- Pitcher
- Born: August 25, 1990 (age 35) Cincinnati, Ohio, U.S.
- Batted: LeftThrew: Left

MLB debut
- July 31, 2015, for the Atlanta Braves

Last MLB appearance
- July 30, 2016, for the Atlanta Braves

MLB statistics
- Win–loss record: 0–3
- Earned run average: 5.06
- Strikeouts: 23
- Stats at Baseball Reference

Teams
- Atlanta Braves (2015–2016);

= Matt Marksberry =

American baseball player (born 1990)

Matthew Gates Marksberry (born August 25, 1990) is an American former professional baseball pitcher. He played in Major League Baseball (MLB) for the Atlanta Braves in 2015 and 2016.

==Early life==
Marksberry was born in Cincinnati, Ohio, on August 25, 1990, to father Bob and mother Sandra. He attended Glen Este High School.

==Career==
===Atlanta Braves===
Marksberry played college baseball at Campbell University. He was drafted by the Atlanta Braves in the 15th round of the 2013 Major League Baseball draft.

He started the 2015 season with the Single-A Carolina Mudcats and was later promoted to the Triple-A Gwinnett Braves, without having played at the Double-A level. After eleven games with Gwinnett, Marksberry was called up to the majors for the first time on July 30, 2015, and made his MLB debut the next day, pitching 1 1/3 innings.

Marksberry was invited to spring training in 2016, but did not make Opening Day roster. He was sent to the Double-A Mississippi Braves to start the season, and recalled on April 23. He made an appearance against the New York Mets, then was optioned to Gwinnett after the game. Marksberry was next recalled on June 25, and spent four days in the major leagues. On July 28, Marksberry was recalled for the third time during the 2016 season. He was placed on the 15-day disabled list on July 31, and moved to the 60-day disabled list in September, ending his season. Marksberry was released in March 2017.

===Québec Capitales===
On August 2, 2017, Marksberry signed with the Somerset Patriots of the Atlantic League. He was released on August 6, without appearing in a game.

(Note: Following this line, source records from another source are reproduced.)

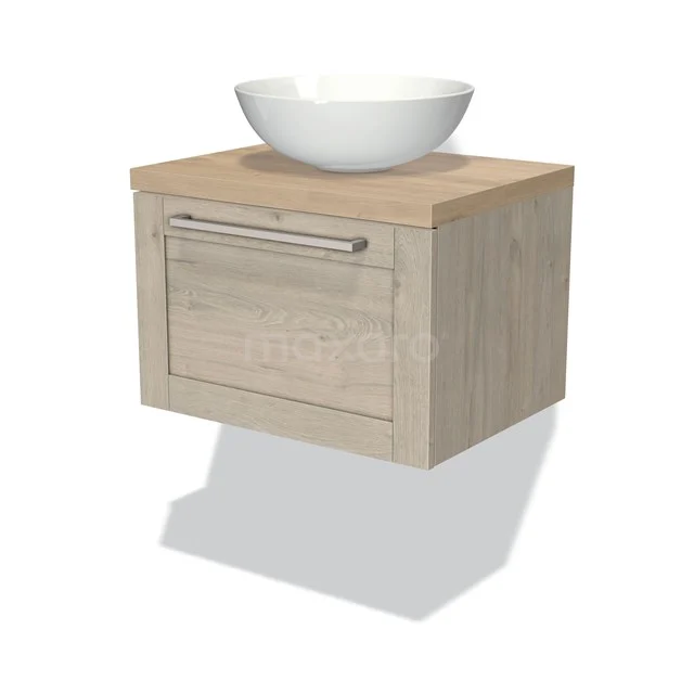 Dankzij het prachtige design is dit badkamermeubel de eyecatcher van uw badkamer. De lichtgrijs eiken onderkast heeft een sfeervolle uitstraling en is voorzien van een wastafelblad in lichtbruin eiken. Daarnaast beschikt het meubel over een kaderfront voor een klassieke touch. De handgreep dient u zelf toe te voegen. Deze is verkrijgbaar in verschillende kleuren en vormen.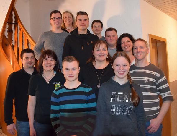 Das Bild zeigt in der hinteren Reihe (auf der Treppe) von links: Tommy Bippus, Corinna Brett, Hermann Reinisch, Elias Schulze, Marc Kitzlinger und Sonja Effinger. Vorne (von links): Thorsten Schubert, Silke Weigold, Marius Bauer, Anke Obergruber, Leonie Schweikert und Daniel Schrägle.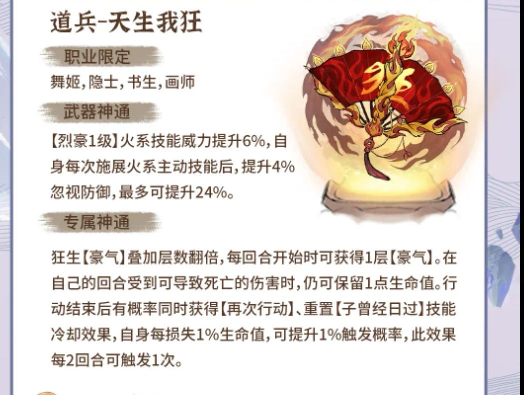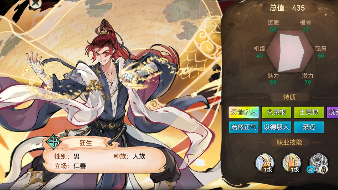 #狂生攻略 狂生是人族弟子,拥有火灵根与土灵根,以火灵根主打输出,土灵根辅助 。天赋上,“浩然正气”让他效果抵抗+10%,面对控制技能更从容;“豪迈”提升魅力与渡劫成功率,助其社交与修行“以德服人”增加法术伤害 ,契合输出定位。体质“凌云之躯”加效果命中与火系功法威力,还降低火系伤害,在火系战斗中优势明显 技能运用 普通攻击:对单个敌人造成160%法术攻击伤害,看似普通,却能触发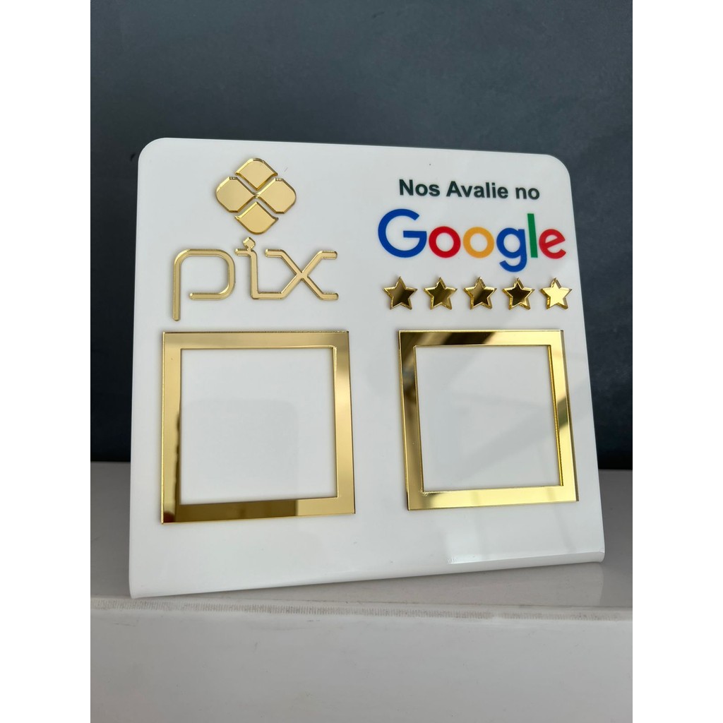 Placa em Acrílico detalhes em Acrílico espelhado. Aproveite essa oportunidade e obtenha a sua Placa com 2 Qr Code para inovar o seu negocio e trazer mais comodidade ao seu cliente! A plaquinha conta com 02 espaços, sendo eles: Pix e Google Avaliação Material Acrílico de 2mm e detahes em acrílico espelhaddo de 2mm Dimensões Largura 16 cm Altura 15 cn Atenção Não geramos e nem fazemos a impressão do qr code. tamanho do Qr code 5 cm por 5 cm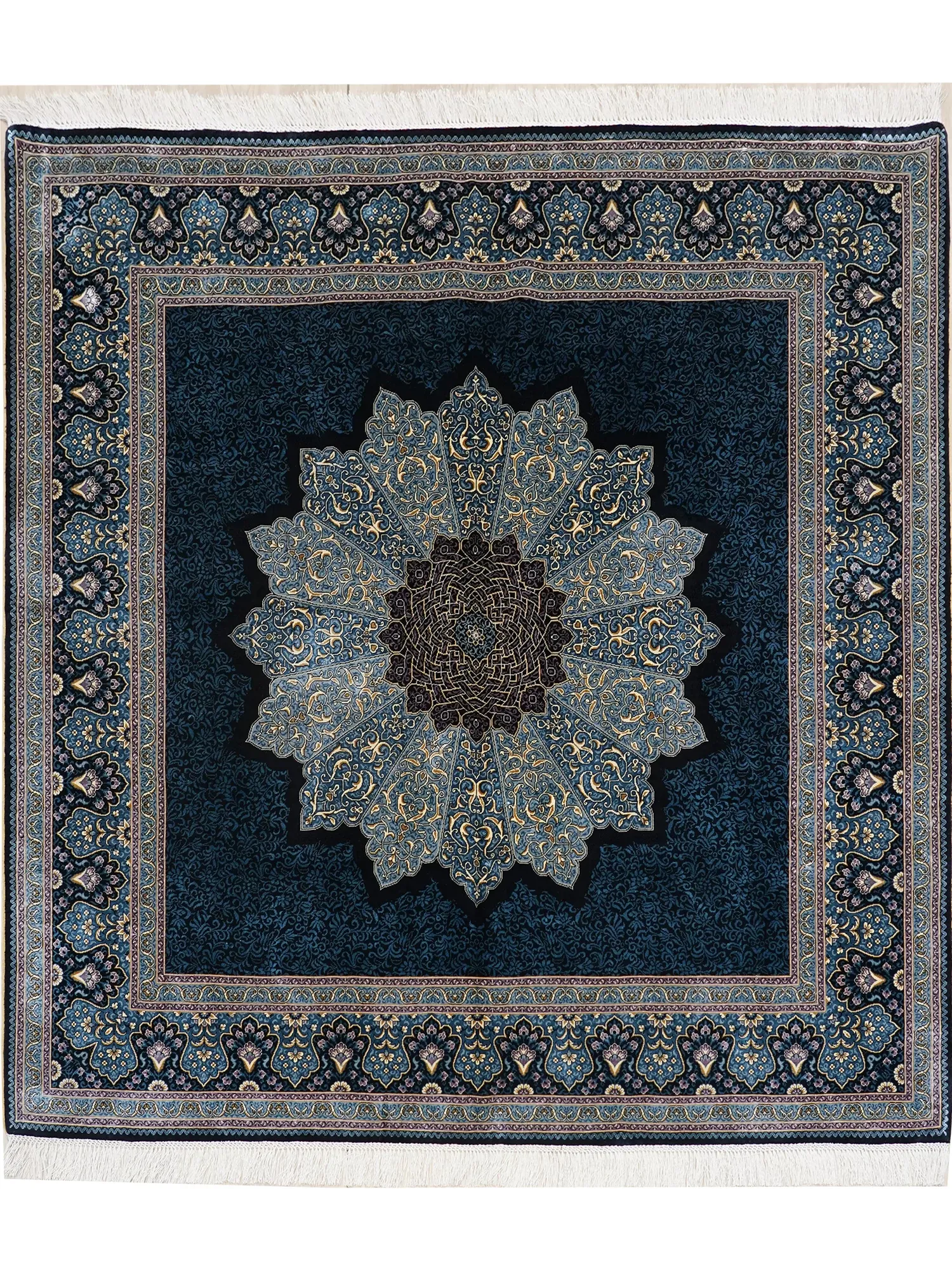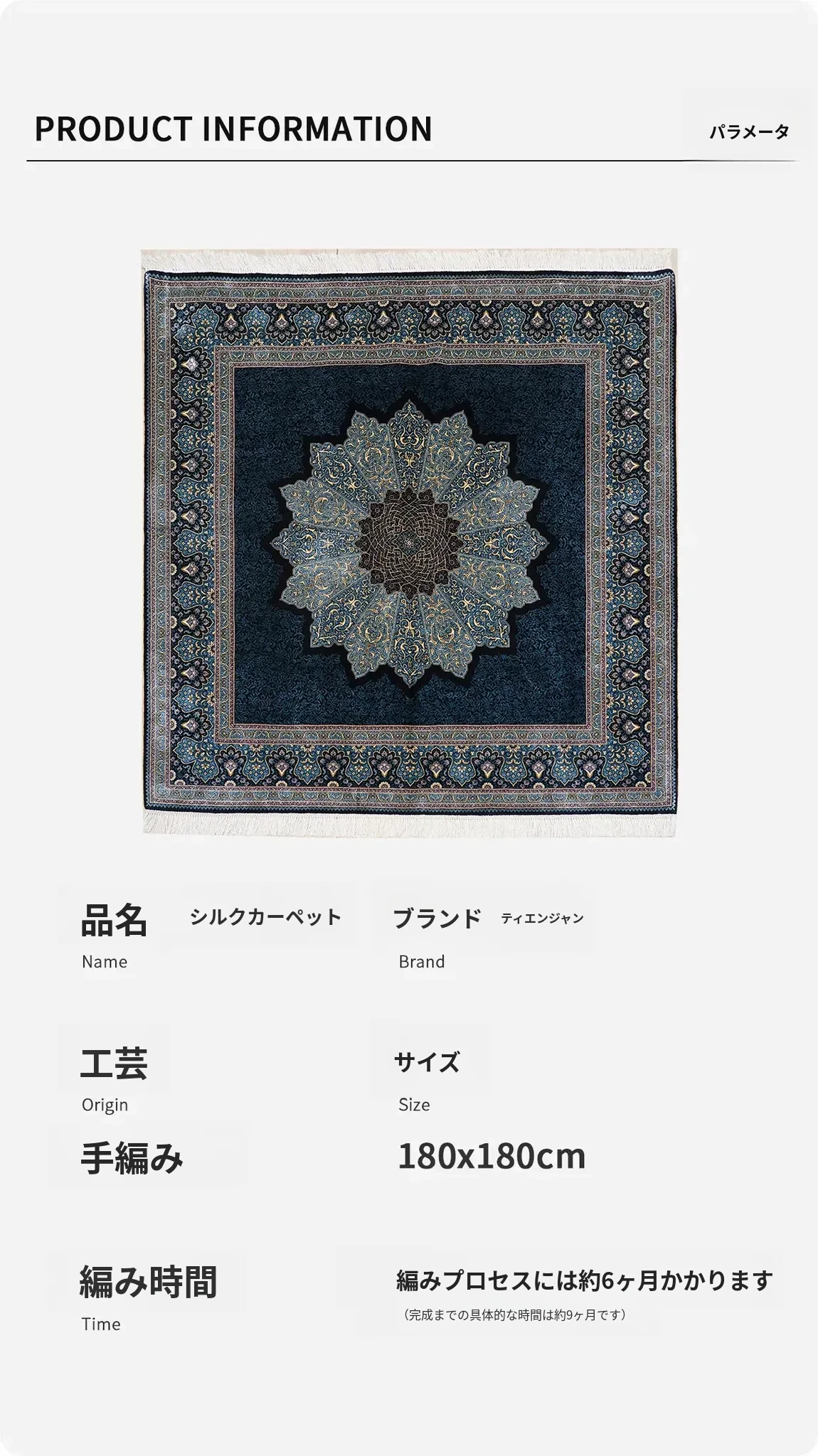 天匠手作の本真 silk ラグ - 高級感あふれる180x180cmの方形無接着カーペット、寝室や書斎に最適!あなたの空間を美しく彩ります。

On August 17, 2017, Marksberry signed with the Québec Capitales of the Can-Am League. In six appearances for Québec, Marksberry logged a 1–1 record and 4.15 ERA with eight strikeouts across 4 1/3 innings pitched.

===Lancaster Barnstormers===
On February 7, 2018, Marksberry was traded from to the Lancaster Barnstormers of the Atlantic League of Professional Baseball. In 45 appearances for Lancaster, he posted a 2–2 record and 1.82 ERA with 47 strikeouts across 39 2/3 innings of relief. Marksberry became a free agent following the season.

On January 4, 2019, Marksberry signed a minor league contract with the Arizona Diamondbacks that included an invitation to spring training. He was released prior to the start of the season on March 14.

On March 20, 2019, Marksberry re-signed with the Lancaster. In 54 appearances for the Barnstormers, he registered a 4–4 record and 5.69 ERA with 64 strikeouts and one save across 55 1/3 innings pitched. Marksberry became a free agent following the season.

===Sydney Blue Sox===
Marksberry signed with the Sydney Blue Sox of the Australian Baseball League for the 2019/20 season.

On March 5, 2020, Marksberry signed with the Sioux City Explorers of the American Association of Independent Professional Baseball. However, the team was not selected by the league to compete in the condensed 2020 season due to the COVID-19 pandemic. Marksberry was not chosen by another team in the dispersal draft, and therefore became a free agent.

==Personal life==
After the 2016 season, Marksberry reported having stomach pains. He underwent a colonoscopy, had a seizure, and suffered a collapsed lung during the procedure. He was placed in a medically induced coma.